The next 10 years were pretty uneventful.  My son went to school.  My parents got to watch him grow.  Mom and I always went out.  I worked.  My husband worked.  One of the jobs I had was a caregiver for an at home assisted living company.  I had a couple of patients that had Alzheimer’s.  One lady I had, she was super sweet.  Her whole family was amazing.  She, I guess, was my training for mom in hindsight.  I remember one day I was coming home and I called her to say hi and quite frankly to keep me awake because I was so tired.  I told her, “Whatever you do, please do not come down with dementia.” She was like ok.  I went on to tell her about my day and how heartbreaking it was to see someone suffer like she did.

I said 10 years because when my son was 14, in 2015, that’s when I started noticing some changes in mom.  It wasn’t anything major, but it was concerning.  I didn’t want to say anything to dad because I was hoping he would notice and say something to me.
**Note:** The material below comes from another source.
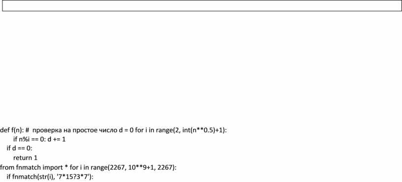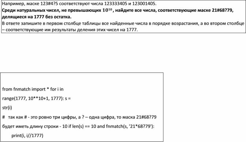 from fnmatch import * for i in range(1777, 10**10+1, 1777): s = str(i) # так как # - это ровно три цифры, а ? – одна цифра, то маска 21#68?79 будет иметь длину строки - 10 if len(s) == 10 and fnmatch(s, '21*68?79'): print(i, i//1777) |

This is where I wish I had known what I know now about being an only child caregiver.

Mom would always drive over to get me, then I would drive us around.  I never thought anything of it and I actually preferred it that way.  But, there was one day she drove and that day changed everything.  The road was one that we crossed frequently.  It was a day I would never forget.  It was a 2 lane each way loop that went around town.  Each 2 lanes was a one way.  Cross one side, wait, cross the other side.  Well, she didn’t look the way she needed to and almost got us killed.  At least I would have been killed.  There was an 18 wheeler that was coming and I had to yell at her to stop.  I probably went completely white because I was scared beyond anything I have ever felt before.  After that, I told dad I had started noticing changes and told him about the near death experience we had.  To this day, it still sends me to a bad place if I think about it. After I told dad about that, he had told me that he had noticed her repeating herself more.  I had noticed it too, probably for a year or so, but I guess it was just denial on my part.  Being an only child, you don’t have someone else to talk to.  Yes, I had my dad and my husband, but to have another person who grew up with you, it was much needed.  I craved that so much in this journey with mom.

It wasn’t long, maybe a few months, that mom had an appointment with her regular doctor.  I knew I needed to speak up but I was so unsure how to.  But, my oppertunity came when mom had gone to the restroom.  I grabbed her doctor and told her what dad and I were seeing and about the near accident. She agreed that there was reason for concern.  We scheduled an appointment soon after that and that is when life began to change.